_Task statement_: Without including the pictures, copy each line below exactly as it reads.

_Supplied data_:
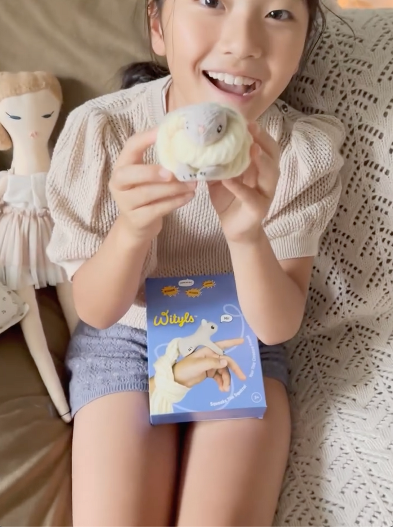 A Wityls is a tiny, super-soft creature friend kids can wear on their wrist, finger, or even their backpack. Think of it as part toy, part accessory, part emotional support sidekick.
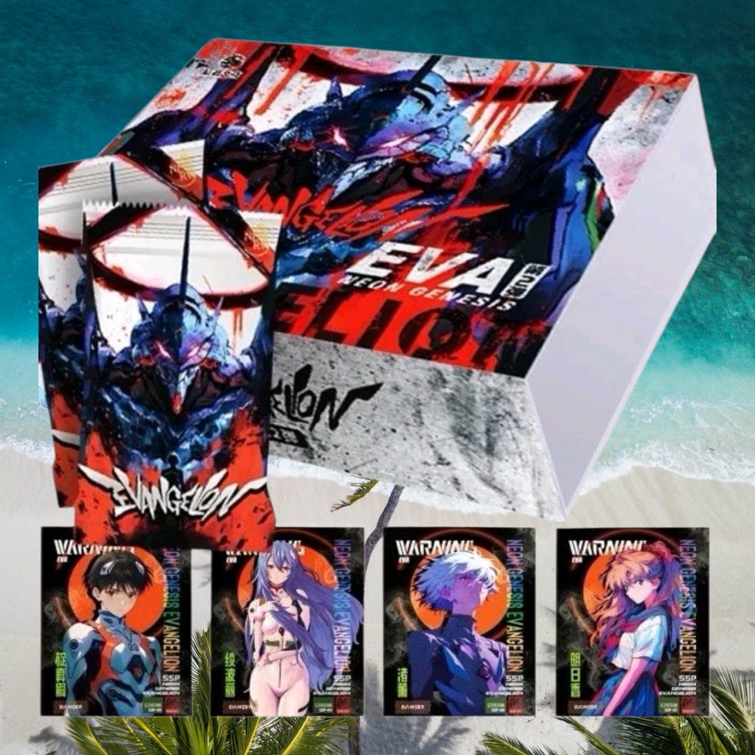Step into the world of Neon Genesis Evangelion with this stunning trading card box featuring bold artwork and premium character cards. Perfect for anime lovers and collectors looking for unique chase hits.
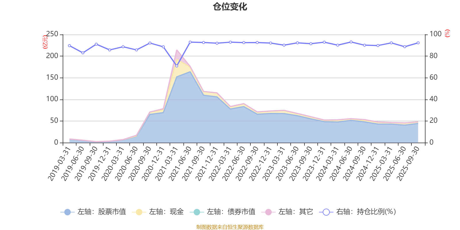 据定期报告数据统计,近三年平均股票仓位为91.29%,同类平均为72.35%。2024年上半年末基金达到93.1%的最高仓位,2021年一季度末最低,为70.93%。

_Your response_:
 A Wityls is a tiny, super-soft creature friend kids can wear on their wrist, finger, or even their backpack. Think of it as part toy, part accessory, part emotional support sidekick.
Step into the world of Neon Genesis Evangelion with this stunning trading card box featuring bold artwork and premium character cards. Perfect for anime lovers and collectors looking for unique chase hits.
 据定期报告数据统计,近三年平均股票仓位为91.29%,同类平均为72.35%。2024年上半年末基金达到93.1%的最高仓位,2021年一季度末最低,为70.93%。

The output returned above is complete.